====== Material provided ======

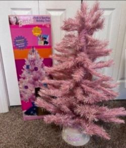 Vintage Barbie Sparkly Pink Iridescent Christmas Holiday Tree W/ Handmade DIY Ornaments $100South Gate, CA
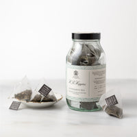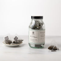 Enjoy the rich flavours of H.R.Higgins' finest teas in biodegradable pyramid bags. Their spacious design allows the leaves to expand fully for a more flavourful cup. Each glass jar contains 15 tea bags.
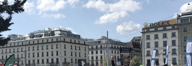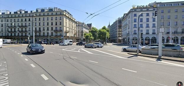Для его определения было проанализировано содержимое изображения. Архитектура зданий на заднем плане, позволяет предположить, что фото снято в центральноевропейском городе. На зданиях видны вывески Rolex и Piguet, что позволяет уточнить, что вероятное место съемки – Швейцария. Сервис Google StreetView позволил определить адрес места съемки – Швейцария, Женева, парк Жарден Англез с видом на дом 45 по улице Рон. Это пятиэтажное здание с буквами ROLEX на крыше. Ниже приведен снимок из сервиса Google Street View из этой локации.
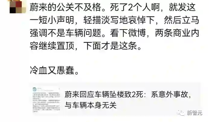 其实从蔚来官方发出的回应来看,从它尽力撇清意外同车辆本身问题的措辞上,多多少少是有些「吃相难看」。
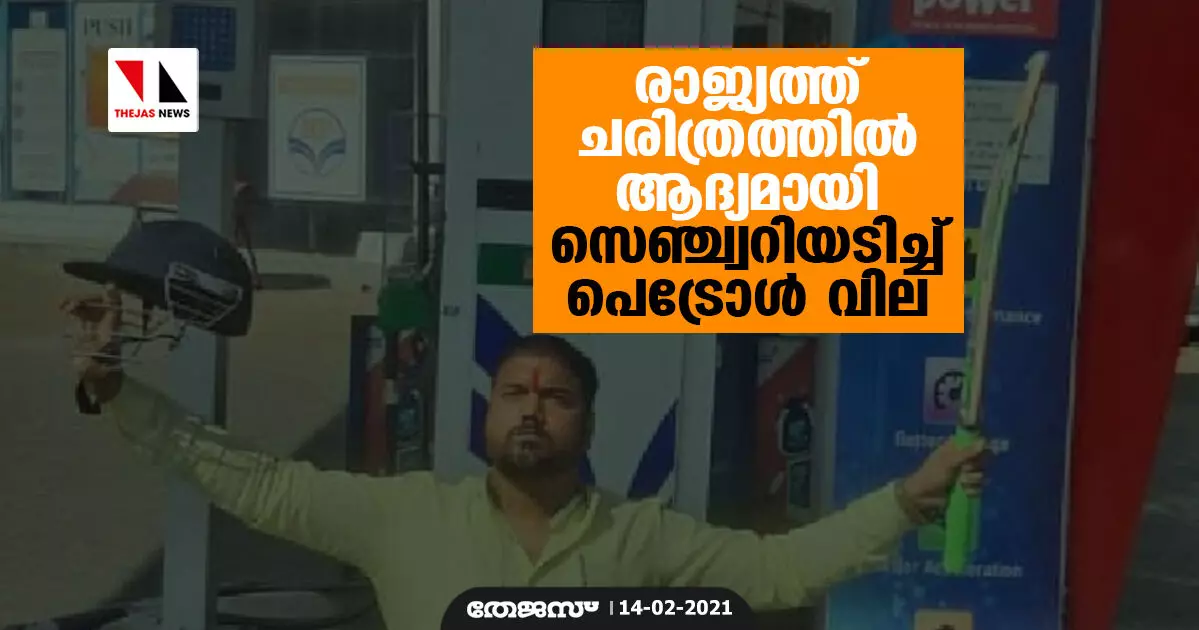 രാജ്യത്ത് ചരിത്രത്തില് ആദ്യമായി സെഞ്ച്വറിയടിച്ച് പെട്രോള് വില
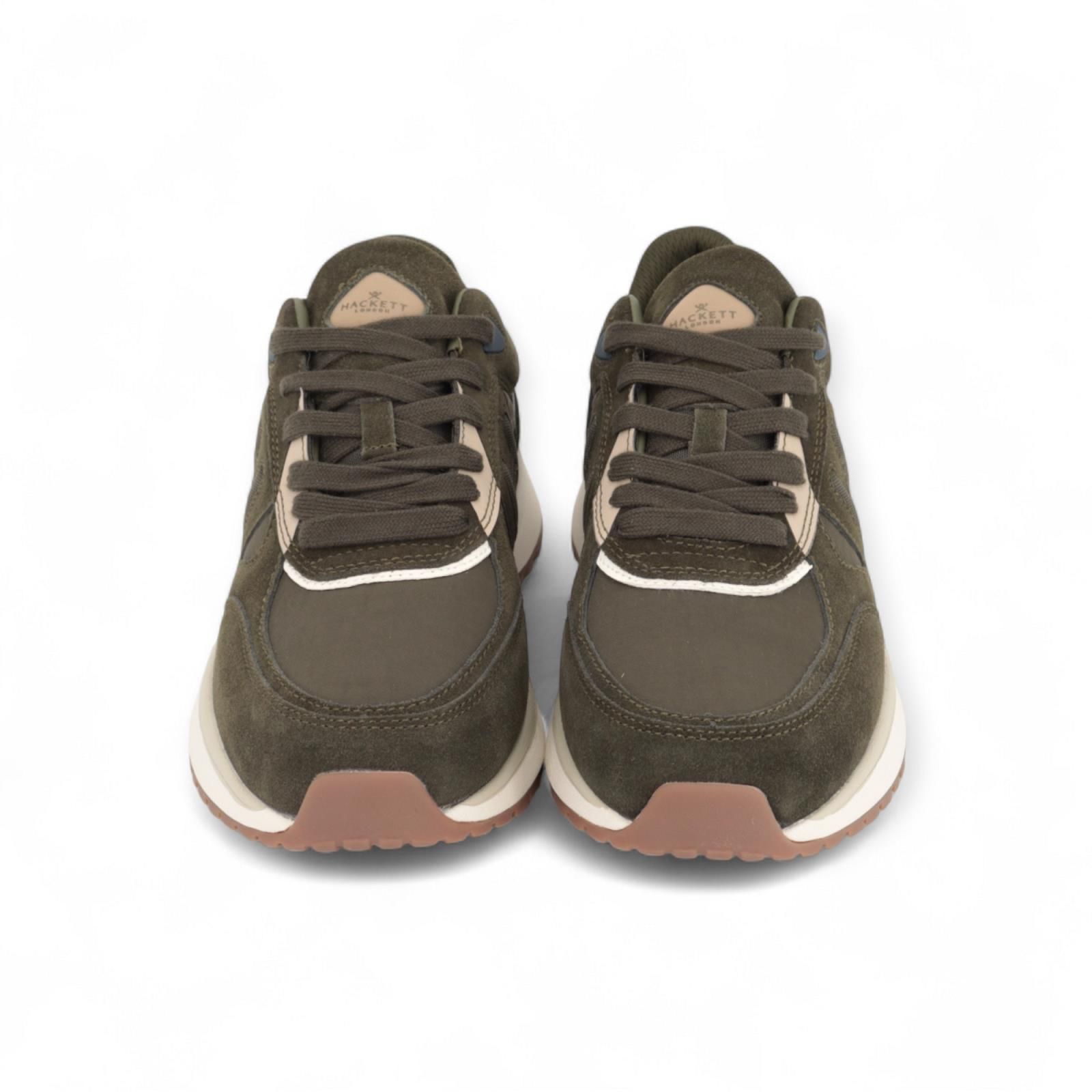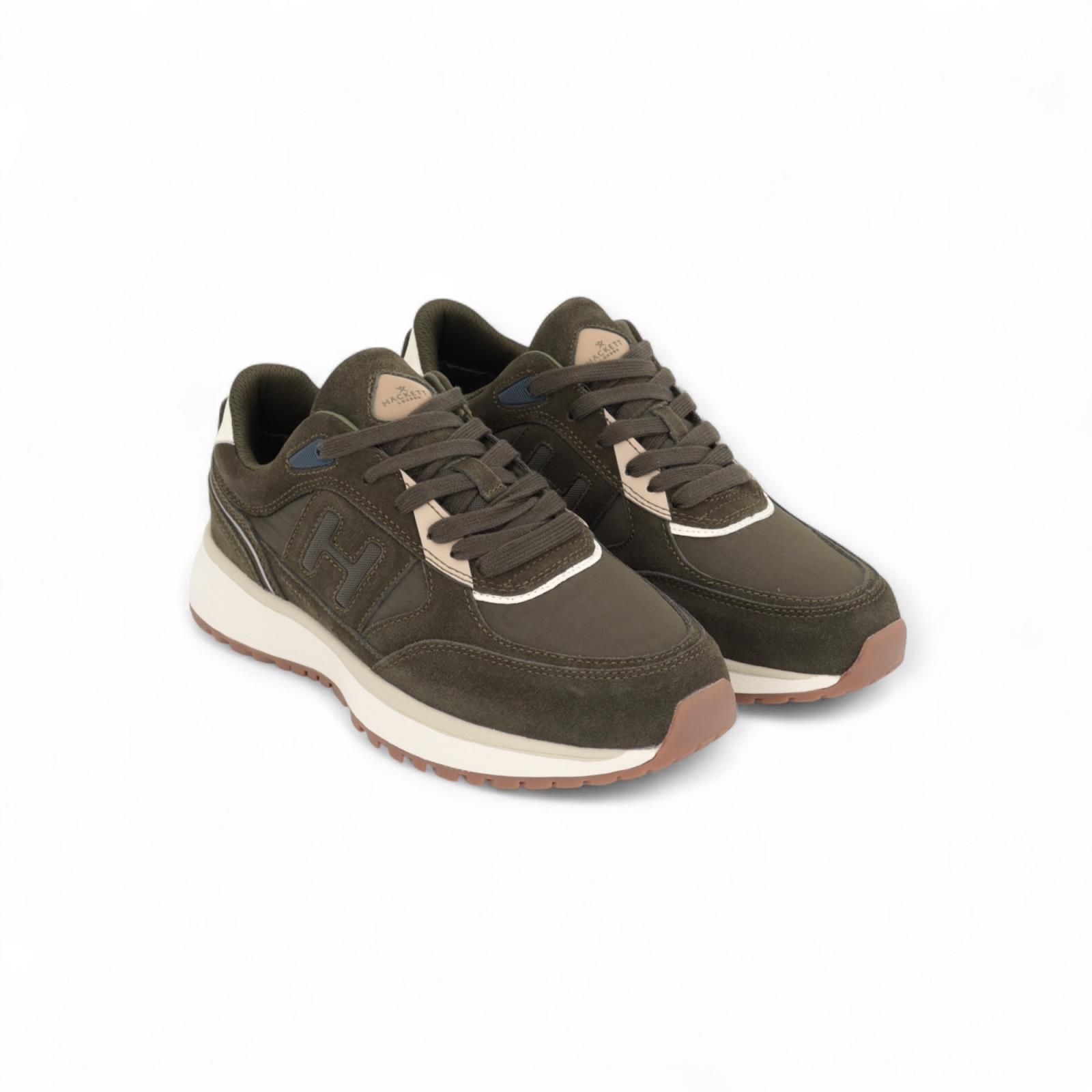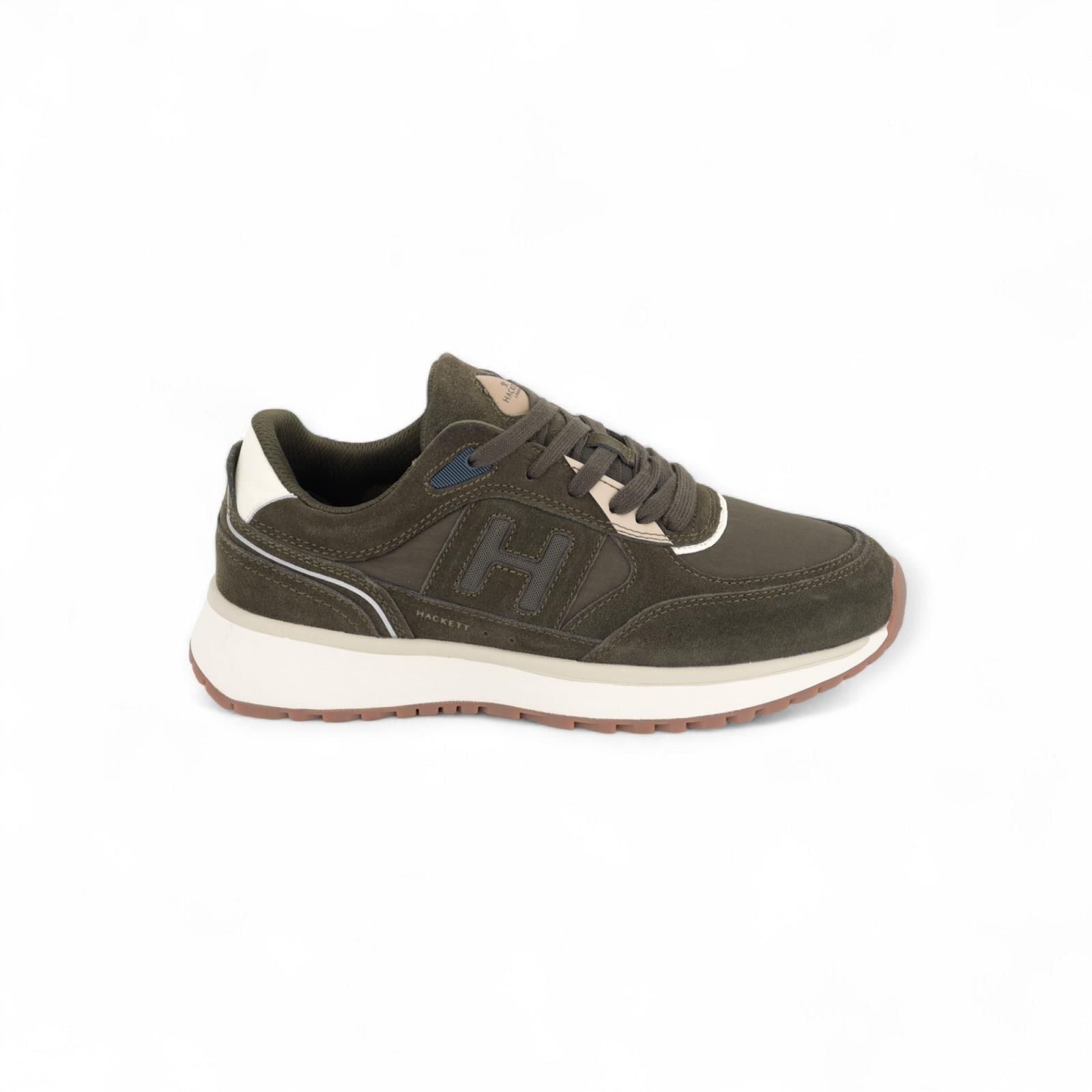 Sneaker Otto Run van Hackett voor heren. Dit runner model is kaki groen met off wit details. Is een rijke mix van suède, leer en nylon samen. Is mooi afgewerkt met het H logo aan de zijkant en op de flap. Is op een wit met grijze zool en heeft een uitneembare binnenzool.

======

#### Task prompt:
Would you mind returning each entry above word for word, skipping the images?

#### Task output:
 Vintage Barbie Sparkly Pink Iridescent Christmas Holiday Tree W/ Handmade DIY Ornaments $100South Gate, CA
 Enjoy the rich flavours of H.R.Higgins' finest teas in biodegradable pyramid bags. Their spacious design allows the leaves to expand fully for a more flavourful cup. Each glass jar contains 15 tea bags.
Для его определения было проанализировано содержимое изображения. Архитектура зданий на заднем плане, позволяет предположить, что фото снято в центральноевропейском городе. На зданиях видны вывески Rolex и Piguet, что позволяет уточнить, что вероятное место съемки – Швейцария. Сервис Google StreetView позволил определить адрес места съемки – Швейцария, Женева, парк Жарден Англез с видом на дом 45 по улице Рон. Это пятиэтажное здание с буквами ROLEX на крыше. Ниже приведен снимок из сервиса Google Street View из этой локации.
 其实从蔚来官方发出的回应来看,从它尽力撇清意外同车辆本身问题的措辞上,多多少少是有些「吃相难看」。
 രാജ്യത്ത് ചരിത്രത്തില് ആദ്യമായി സെഞ്ച്വറിയടിച്ച് പെട്രോള് വില
 Sneaker Otto Run van Hackett voor heren. Dit runner model is kaki groen met off wit details. Is een rijke mix van suède, leer en nylon samen. Is mooi afgewerkt met het H logo aan de zijkant en op de flap. Is op een wit met grijze zool en heeft een uitneembare binnenzool.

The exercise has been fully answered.